J'utilise le plus souvent la première personne pour les projets longs, elle me semble plus personnelle et donc plus appropriée quand j'aime me mettre dans la tête des personnages. Pour des contes ou des fables, ce sera plutôt la troisième personne et un narrateur omniscient.

Pour le temps, j'écris au présent ou au passé comme ça vient. Contrairement à l'opinion générale, j'aime le présent à la première personne, je trouve que ça apporte une proximité et une dimensions "dans l'instant" au personnage. Selon moi, tant que l'usuage du présent est justifié, ça passe. Pareil pour le passé, c'est le temps de narration classique, mais je pense qu'il faut aussi argumenter le choix de ce temps plutôt qu'un autre.

Le combo que je ne peux pas voir, en revanche, c'est troisième personne et présent. Je ne sais pas pourquoi, mais ça me donne une impression un peu "amateur" et je trouve les phrases moins belles à lire ^^'

J'ai déjà changé de temps en cours de projet, parfois je trouve que le passé ou le présent valent mieux que l'autre pour ce travail.

Concernant le registre de langue, je jongle un peu entre tout... ça vient naturellement selon le personnnage qui parle.
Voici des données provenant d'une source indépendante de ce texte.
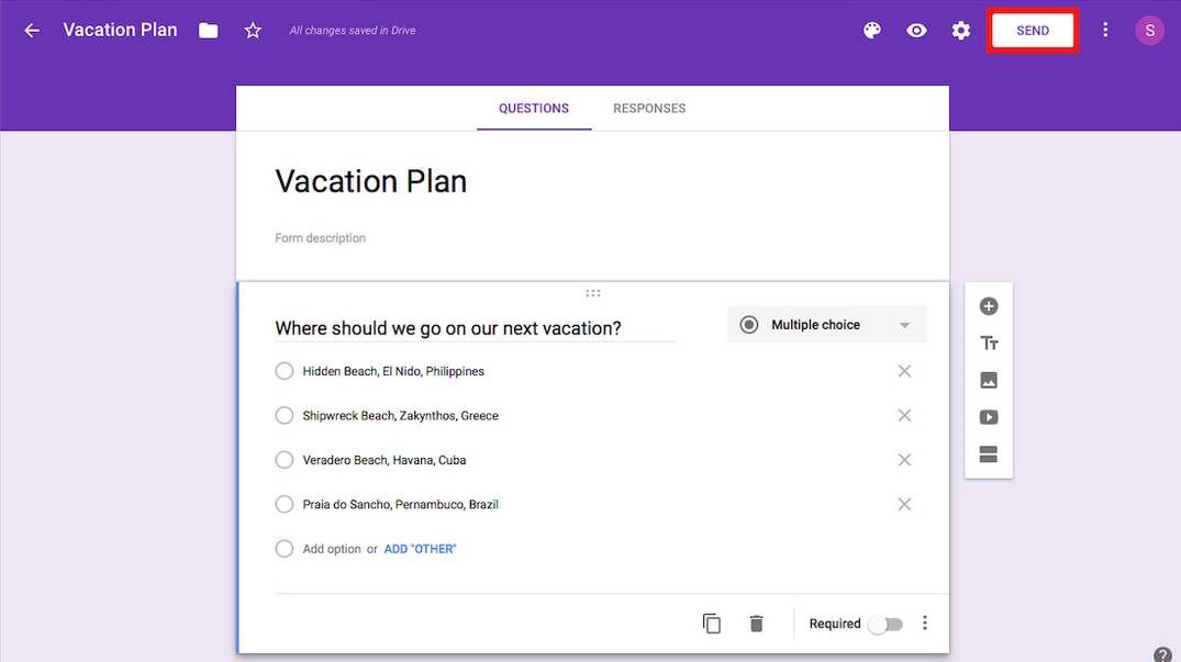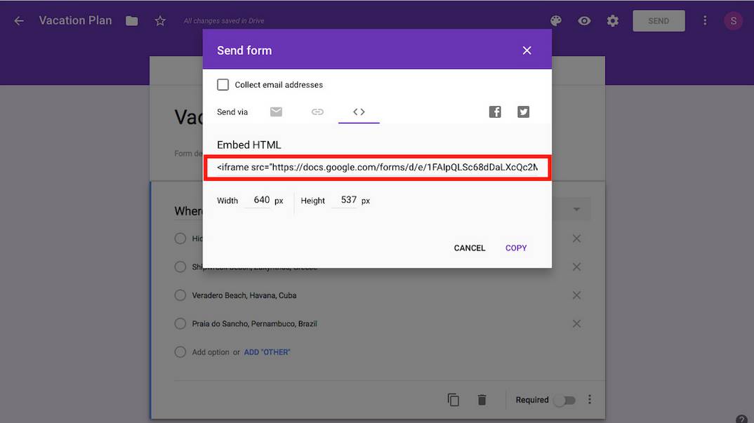 3. Lấy link nhúng sau khi bạn điền xong Google form bằng cách nhấn nút Send, nó nằm ngay góc trên bên phải trang web. Sau khi nhấn nút gửi bạn sẽ thấy link nhúng hiện lên.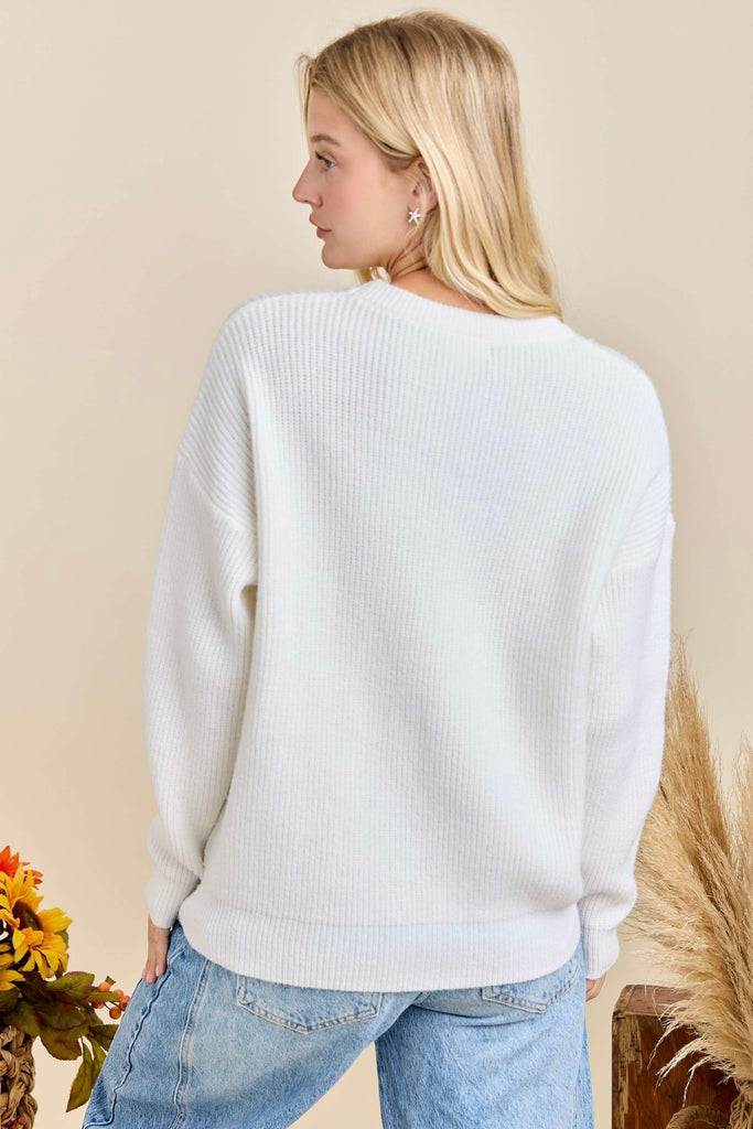 Add a touch of cozy charm to your fall wardrobe with our Hello Pumpkin embroidered knit sweater! Crafted from a soft, lightweight knit, this pullover is perfect for pumpkin patch visits, Thanksgiving gatherings, or just sipping coffee on a crisp fall morning. The playful white embroidery adds a sweet seasonal statement, while the relaxed fit keeps it comfy and effortlessly cute.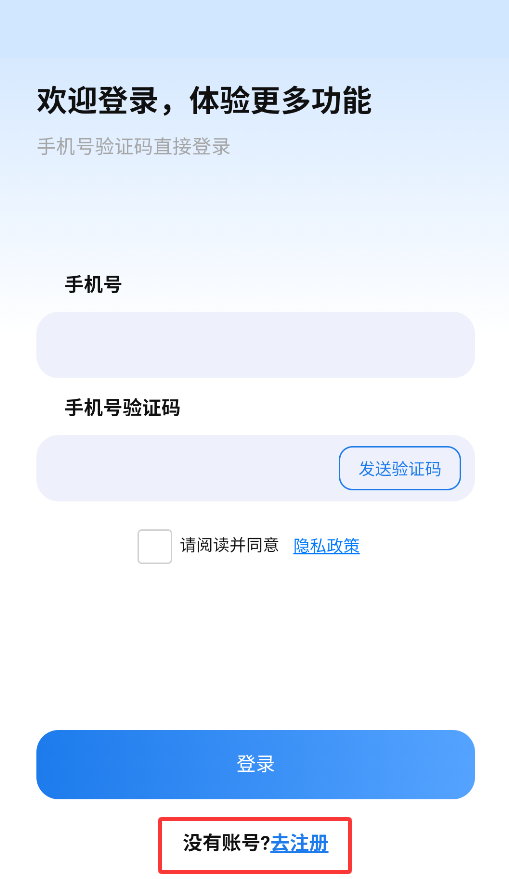 1、启动应用后,在登录页面下方找到并点击"立即注册"按钮进入注册流程。

Je ne pense pas qu'un genre littéraire appelle naturellement à un style de narration particulier, parfois quand on expérimente ou qu'on lit des expériences on a de bonnes surprises :)
Je prends place volontiers.
La vérité, c'est que je n'ai jamais vraiment choisi une voix. J'ai plutôt écouté celle que mon univers réclamait. Dans Du Sel aux Cendres, ainsi que d'autres nouvelles, mes récits se donnent comme rapportés — chroniques, notes, ballades, des choses transmises de main en main. Une voix qui hérite plus qu'elle n'invente. Et le reste en découle : si un récit est transmis, c'est qu'il a déjà eu lieu. Le passé n'est pas chez moi une préférence contemplative, c'est la condition même du récit. On raconte ce qui a survécu au temps, aux ruines.
Au cœur de tout cela veille un Chroniqueur ; Varen. Il n'est pas un narrateur qui sait tout ; il est plutôt un garde-fou. Il me permet de refuser l'omniscience, ne se penche jamais par-dessus l'épaule du lecteur pour lui souffler quoi ressentir. Et surtout, il m' impose le silence — non comme un manque, mais comme une manière. Ce qu'il tait pèse autant que ce qu'il dit.
J'écris un monde où le sentiment est un danger, où l'émotion nommée peut faire des ravages. Un tel monde ne supporte pas qu'on lui explique ce qu'il éprouve. Alors la voix retient. Elle montre une main qui s'attarde sur un chambranle, une hésitation avant un seuil — et laisse le lecteur faire le reste. La retenue n'est pas une élégance ; c'est presque une morale. Dire moins pour que le peu qui demeure pèse davantage. Dans mes écrits, ne pas respecter les silences serait une faute — presque une indélicatesse.
Le présent, lui, ne surgit que là où la transmission cède — un rêve, une rupture, un seuil qui se fend. Là où l'on tombe dans l'immédiat, sans le recul de la mémoire.